# Data records
------------------------

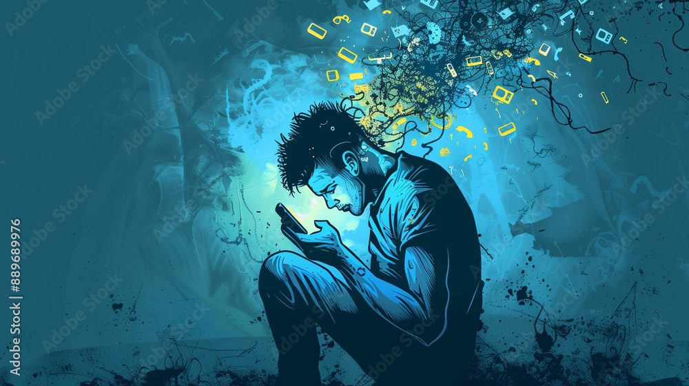 Artistic representation of a man or teen addicted to his phone, social media obsession, doom scrolling, landscape format 16:9 with copy space #889689976
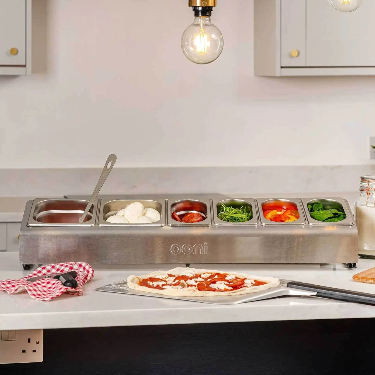 Get ready for your next pizza party with the Ooni Pizza Topping Station. It’s the perfect tool for prepping ingredients making toppings easy to transport. This means moving from the outdoors to indoors easier.
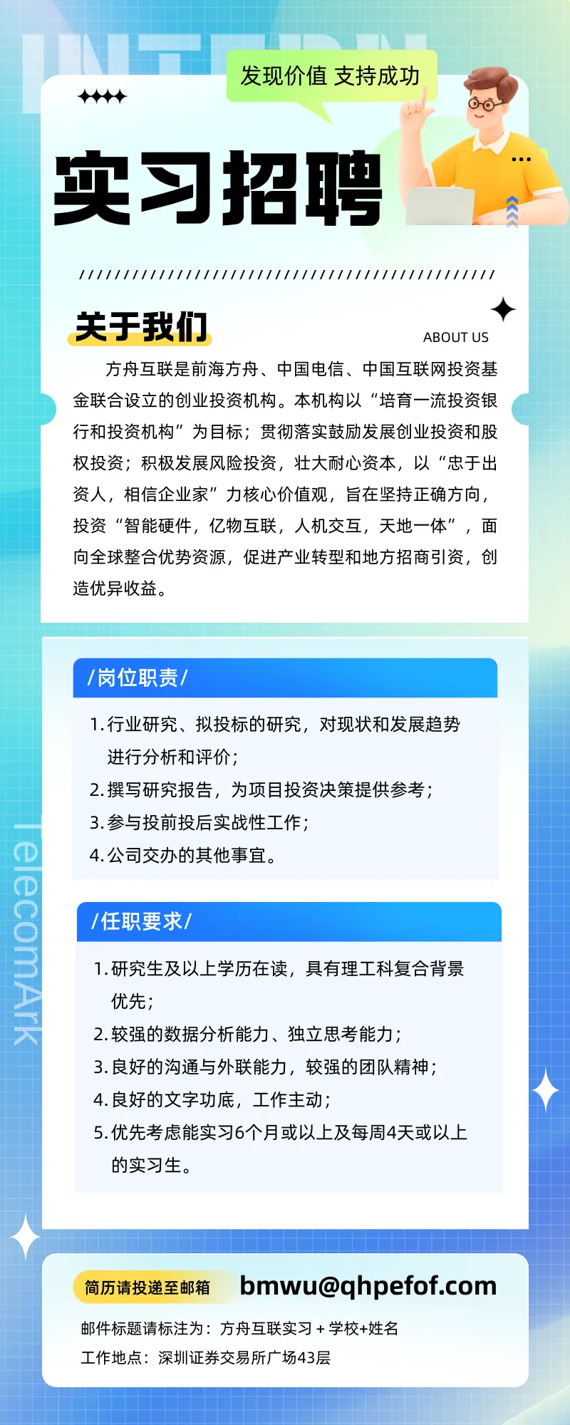 【深圳招聘】方舟互联(深圳)私募股权基金管理合伙企业招聘实习生!报名已开启,有意者速来~
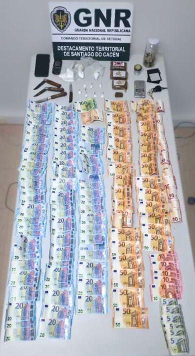 Foi igualmente realizada uma busca domiciliária que culminou na detenção do suspeito e na apreensão de 749,30 doses de cocaína, 588 doses de haxixe e uma viatura utilizada na prática do ilícito criminal.
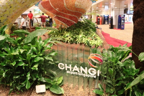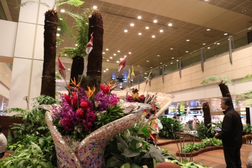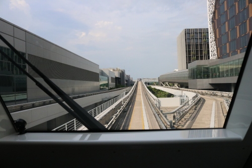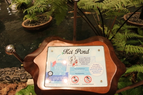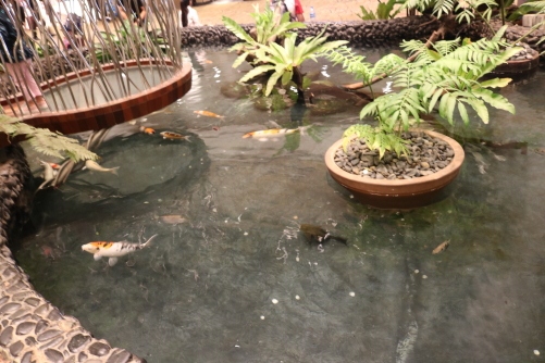 今回、バリへの乗り継ぎでターミナル3からターミナル2へスカイトレインで移動しましたが、途中で大きな滝を見られました。鯉の池があります。
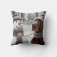Um boneco de neve e um cão do Setter irlandês vestidos de chapéu e cachecóis ficam lado a lado numa floresta nevada
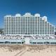 The suites at Hilton Suites Ocean City Oceanfront provide a separate living and seating area. They are decorated in beige colors and include a dining area. The bathroom features a whirlpool tub.
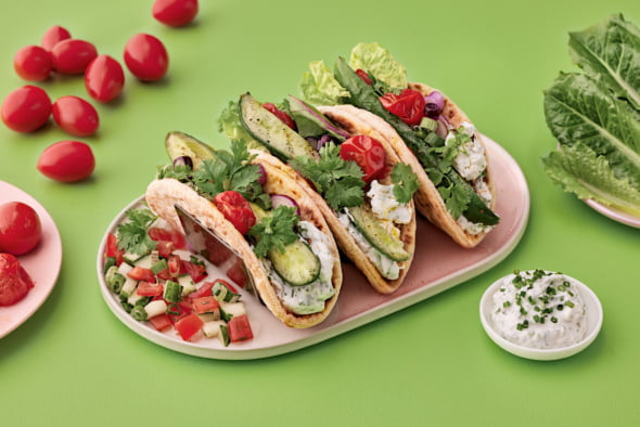 Alkupalaksi rapsakka tajin-kurkkusalaatti ja vihannestacot
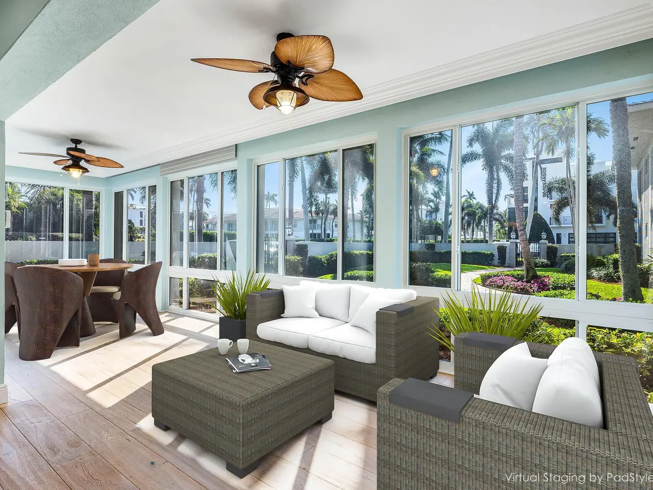 Welcome to the epitome of modern coastal living. Nestled in Delray's coveted beach area only 2 blocks from famous Atlantic Ave & its trendy shops and restaurants & steps to the award winning beach is the meticulously manicured boutique condominium of Lyndon Arms. Step inside this beauty featuring a stunning custom kitchen with stylish breakfast island, wine cooler, gas range & gorgeous quartzite counters providing the perfect blend of traditional coastal charm with modern sophistication. The open concept layout is highlighted by lovely white oak wood flooring and an expansive glassed-in sunroom
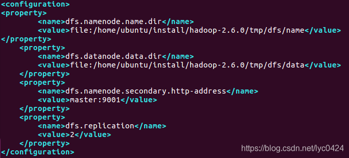<value>file:/home/ubuntu/install/hadoop-2.6.0/tmp/dfs/name</value>
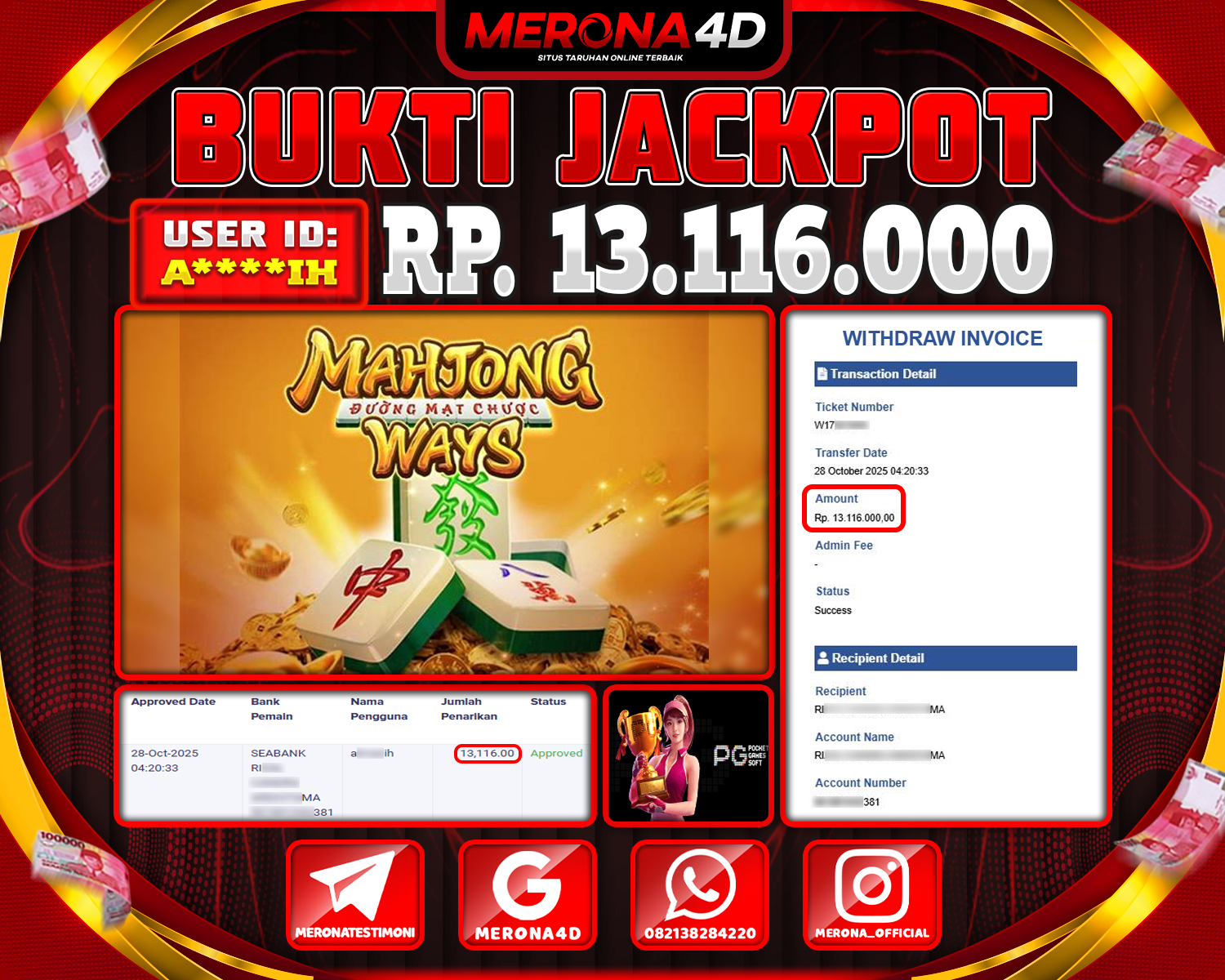 Selamat Kepada Member MERONA4D A*****IH Telah Jackpot Di MAHJONG WAYS
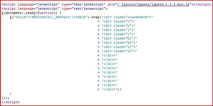 However, as far as I know nobody has yet figured out a way of putting rounded corners on the bottom corners of web parts. The HTML they have does not suit them to do this via CSS. The only idea I’ve had previously was to use ControlAdapters to modify the output of of the Web Part itself. And I’m pretty sure you’d have to write an adapter per web parts. That kind of sucks; no customer is going to be in a hurry to pay for that.
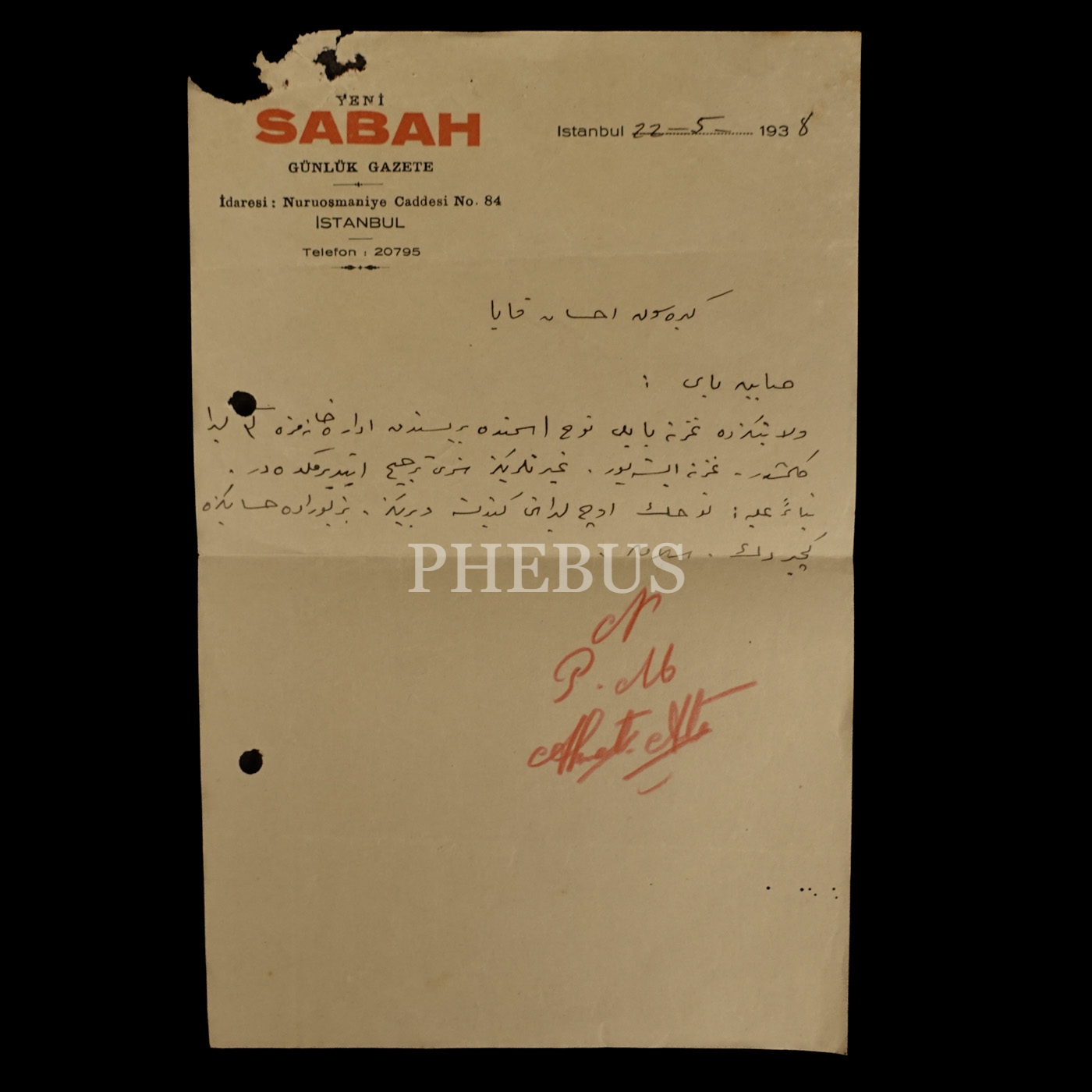 "Yeni Sabah Günlük Gazete" antetli kağıt üzerine Giresun´da İhsan Kaya´ya hitaben kaleme alınmış mektup, 22 Mayıs 1938, 15x23 cm...

------------------------

# What you will do
Without any picture, return exactly the lines of the records above from the first through the line that contains "Alkupalaksi rapsakka tajin-kurkkusalaatti".

# Task output
 Artistic representation of a man or teen addicted to his phone, social media obsession, doom scrolling, landscape format 16:9 with copy space #889689976
 Get ready for your next pizza party with the Ooni Pizza Topping Station. It’s the perfect tool for prepping ingredients making toppings easy to transport. This means moving from the outdoors to indoors easier.
 【深圳招聘】方舟互联(深圳)私募股权基金管理合伙企业招聘实习生!报名已开启,有意者速来~
 Foi igualmente realizada uma busca domiciliária que culminou na detenção do suspeito e na apreensão de 749,30 doses de cocaína, 588 doses de haxixe e uma viatura utilizada na prática do ilícito criminal.
 今回、バリへの乗り継ぎでターミナル3からターミナル2へスカイトレインで移動しましたが、途中で大きな滝を見られました。鯉の池があります。
Um boneco de neve e um cão do Setter irlandês vestidos de chapéu e cachecóis ficam lado a lado numa floresta nevada
 The suites at Hilton Suites Ocean City Oceanfront provide a separate living and seating area. They are decorated in beige colors and include a dining area. The bathroom features a whirlpool tub.
 Alkupalaksi rapsakka tajin-kurkkusalaatti ja vihannestacot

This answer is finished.